Articolo pubblicato su Mondoweiss 

Di Tareq S. Hajjaj

Traduzione di Federica Riccardi

Pagine Esteri, 7 ottobre 2024 – Abbiamo trascorso anni a escogitare nuovi modi per sopravvivere ad un blocco israeliano che durava da quasi una generazione. Abbiamo sempre provato la sensazione che, dopo lunghi anni di sacrifici e di lotta continua per ottenere la nostra libertà, saremmo stati accolti da una luce alla fine del tunnel. Il popolo palestinese era destinato a porre fine all’occupazione e a strappare il diritto di vivere sulla propria terra e di tornare alle terre dei propri antenati.
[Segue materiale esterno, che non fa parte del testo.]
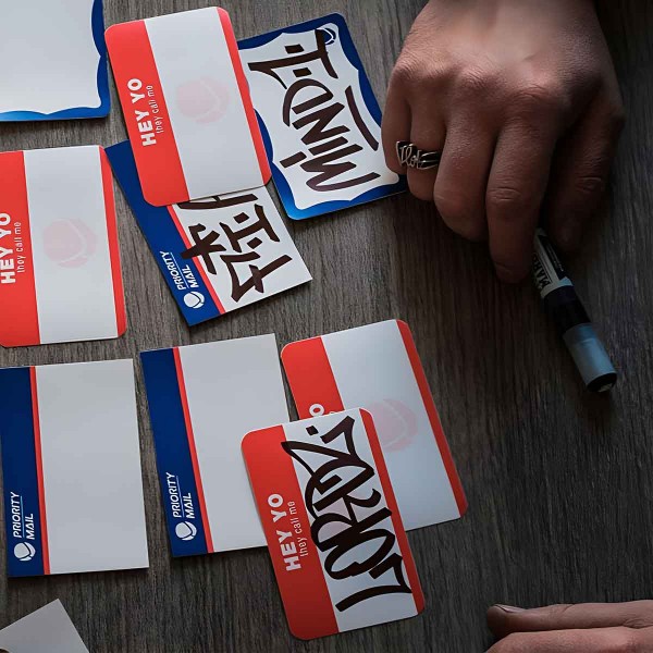 Τα αυτοκόλλητα "Blue Frame" έχουν τον κλασικό σχεδιασμό "πρότυπο ετικέτας", φέρνοντας πίσω την αισθητική των δια βίου ετικετών που συμπληρώνετε μόνοι σας για να ονομάσετε οποιοδήποτε είδος αντικειμένου, φακέλου ή γραμματοκιβωτίου για παραδείγμα. Αυτός είναι ένας τύπος αυτοκόλλητης ετικέτας που το graffiti έχει χρησιμοποιήσει ως εργαλείο βομβαρδισμού.

Ma anche dopo 76 anni dalla prima Nakba, quegli stessi antenati che hanno lasciato Yaffa, Askelon e decine di città e villaggi distrutti da Israele nel 1948 prima di stabilirsi a Gaza, stanno ora rivivendo lo stesso destino. I massacri a cui hanno assistito, se non sono simili a quelli a cui sono sopravvissuti 76 anni fa, sono ancora più criminali e sanguinosi. Ma ciò che è peggio è che gli stessi eventi che hanno sofferto durante la Nakba vengono ora vissuti dai loro nipoti.

Ci sarà sempre chi rivivrà la Nakba o la sperimenterà per la prima volta finché l’occupazione israeliana della Palestina continuerà.

Sono nato nel quartiere di Shuja’iyya, nella parte orientale di Gaza. Mio padre viveva e lavorava lì come ogni altro padre di Gaza che voleva assicurare un futuro ai propri figli. È morto quando è stato sicuro che il futuro del suo figlio più giovane era assicurato.

Sono io il più giovane tra i miei fratelli, ho messo su una famiglia tutta mia e ho arredato una casa. Un anno dopo ho avuto un figlio che ha riempito di gioia la nostra casa. Mi stavo preparando per il futuro, con il mio sogno di creare una famiglia, di vivere sulla nostra terra in una casa circondata da ulivi e limoni, con tutti i miei fratelli e le loro famiglie che abitavano nello stesso edificio o proprio accanto. Avevo già dei buoni vicini, una vita piena di ricordi, il profumo del gelsomino all’ingresso di casa e i fiori di mandorlo che entravano nella nostra casa in primavera. Mia madre era solita sedersi nella sua casa e guardare il tramonto, con i mandorli in fiore ai suoi piedi, con i loro colori brillanti come stelle.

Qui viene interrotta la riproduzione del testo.